- Pronunciation: Ātā'ura Rahamāna Khāna Khādima
- Born: 1933 Akhaura, Bengal, British India
- Died: 25 March 1971 (aged 37–38) Shahbag, East Pakistan, Pakistan
- Other names: Atta ur Rehman Khan
- Known for: Martyred Intellectual

= Ataur Rahman Khan Khadim =

Atta ur Rehman Khan was an academic in the Bangladesh Liberation War and is considered a martyr in Bangladesh.

==Early life==
Khadim was born in Kharampur, Akhaura, Brahmanbaria District, in 1933. He graduated from George H. E. School in 1948 and Dhaka College in 1950. He completed his master's degree in physics from Dhaka University in 1954.

==Career==
After graduation, Khadim joined Philips Electric Company as an electrical engineer in 1955. From 1959 to 1960, he studied theoretical physics at the physics institute of the University of Göttingen in West Germany.

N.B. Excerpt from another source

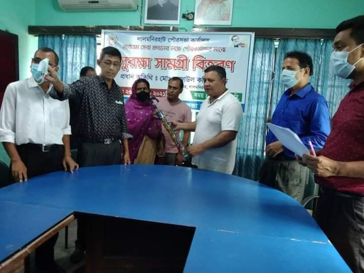 লালমনিরহাট পৌরসভা কার্যালয় সর্বোত্তম সেবা প্রদানের লক্ষে পৌরকর্মীদের মাঝে সুরক্ষা সামগ্রী বিতরণ করা হয়েছে।
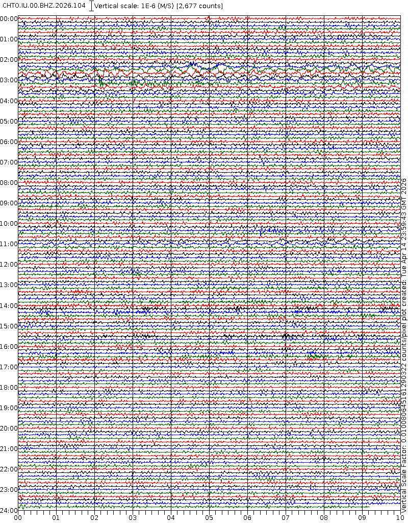 - 06:59 กราฟแผ่นดินไหวชนิดที่ใช้ดูเวลาเกิดเหตุเป็นหลัก แสดงภาพตามแนวตั้ง (BHZ) จากสถานีเครือข่าย IRIS สาขาเชียงใหม่ (CHTO) จาก 07:00 เช้าเมื่อวานนี้จนถึงเวลานี้ เส้นกราฟตามแนวนอนเส้นละ 10 นาที แยกสีเส้นกราฟเพื่อให้ดูได้ง่าย ช่องแบ่งตามแนวตั้งช่องละ 1 นาที

After completion, he joined Dhaka University as a lecturer, where he specialized in experimental physics and electronics.

==Death and legacy==
On 25 March 1971, Khadim was killed by the Pakistani army at the onset of Operation Searchlight and the Bangladesh Liberation War, in the teachers' quarter of Shahidullah Hall in Dhaka University.